KTDADMC argued that:

  • KTDADMC averred that KRA erred in law and fact by failing to appreciate the nature of the its business thereby treating KTDADMC as a Kenyan resident as well as carrying on or exercising business partly within and partly outside Kenya. The Articles of Association of KTDADMC allow its directors to delegate their powers as they think fit and such a person shall exercise the powers to, among others, exclusion of the directors.
  • KTDADMC, on the basis of the provisions of its Articles of Association, vested a broad and wide array of powers on the regional manager through a power of attorney. The regional manager based in the United Arab Emirates was the loci of and nerve center of KTDADMC’s key policy and strategic decisions and these key policy and strategic decisions are made in the UAE and were executed and implemented by the regional manager
  • KTDADMC signed a service level agreement with CTCL under which the latter offers several services to KTDADMC including warehousing, storage, packaging, and delivery of tea. KTDADMC pays CTCL for the services it receives, and the payments are at arm’s length and competitive so KTDADMC cannot be viewed as an agent of the CTCL.
  • KTDADMC was a foreign subsidiary carrying on bona fide foreign operations in Dubai. The day-to-day operations were conducted in Dubai. KTDADMC entered contracts and had bank accounts in Dubai for which the regional manager was an authorized signatory. The relationship between Appellant and its parent could not be used as a basis for determining residency of KTDADMC. The two entities had a commercial relationship and did enter into a service agreement with CTCL and provided services for which KTDADMC paid.

 KRA responded That:

  • the conversion of KTDADMC from a branch to a Company was done following a transfer pricing tax planning scheme orchestrated by KTDADMC’s management and parent company to shift income from Direct Sales Overseas  line of business to KTDADMC. This scheme shifted profits to UAE.
  • As evidenced by the Board of Directors meeting minutes, KTDADMCs directors sitting in Kenya were involved in the day-to-day running of its affairs whilst in Kenya. The major discussion points of the Board of Directors meetings were; reviews of the performance of KTDADMC, reviews of the credit policies and debt management, and market expansion strategies.
  • Further, KTDADMC’s management team sat in Kenya and managed the affairs of KTDADMC in performing the following functions in Kenya:

-Negotiation and execution of agreements with customers; Accounting and bookkeeping;

-Strategy and budgeting;

-Human resources management;

-Financial support and Debt collection;

-Running of bank accounts in Dubai and Nairobi; Payment of regional manager through KTAH; and Approval of customers and customer orders.

  • Section 2 of ITA defines who is “resident” for tax purposes.

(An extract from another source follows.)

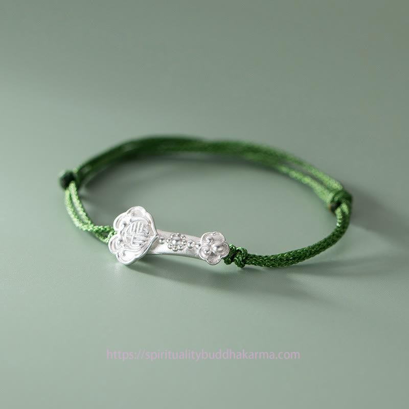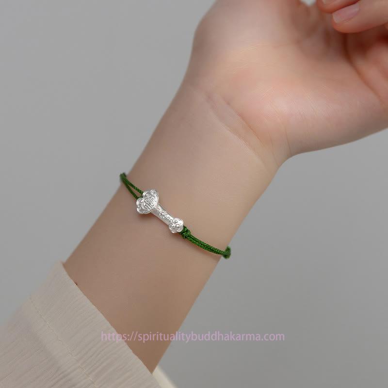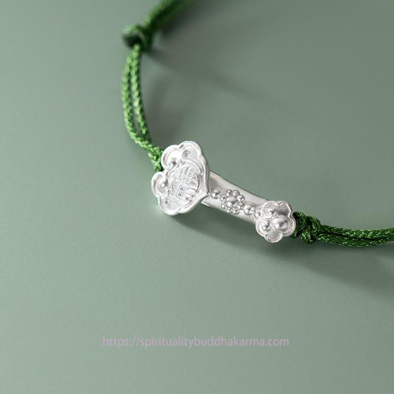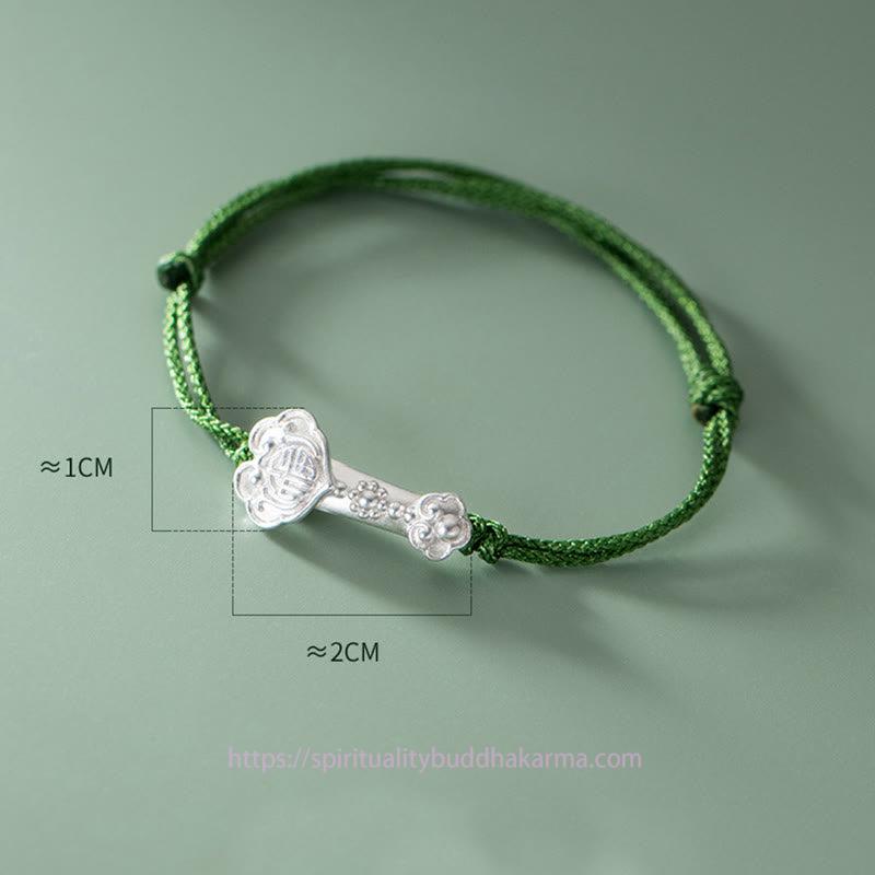 Silver Ruyi Green Rope bracelet features a sterling silver Ruyi Handle engraved with the auspicious "Fu" symbol, representing good fortune and blessings. The vibrant green braided rope adds strength and durability, while the silver centerpiece symbolizes a harmonious life. This bracelet is crafted to bring positive energy and prosperity to its wearer, making it a meaningful addition to any collection.

This Section states that a corporation (a body of persons) is tax resident in Kenya if:

……………….or

            that the management and control of the affairs of the body was exercised in Kenya in a particular year of income under consideration; or

……………..”

  • The management functions of KTDADMC were carried out in Kenya and not in UAE. KRA stated that the Board of Directors of KTDADMC played a key role in all the strategic decisions of the company, and thus, the management and control of its affairs were exercised in Kenya. KRA concluded that KTDADMC was tax resident in Kenya during the period 2018 to 2020 and thus was governed by the indices of the Kenya tax laws.
  • Section 4(a) of the ITA provides as follows:

“For the purposes of section 3(2) (a) (i)-

Where a business is carried on or exercised partly within and partly outside Kenya by a resident person, the whole of the gains or profits from that business shall be deemed to have accrued in or to have been derived from Kenya.”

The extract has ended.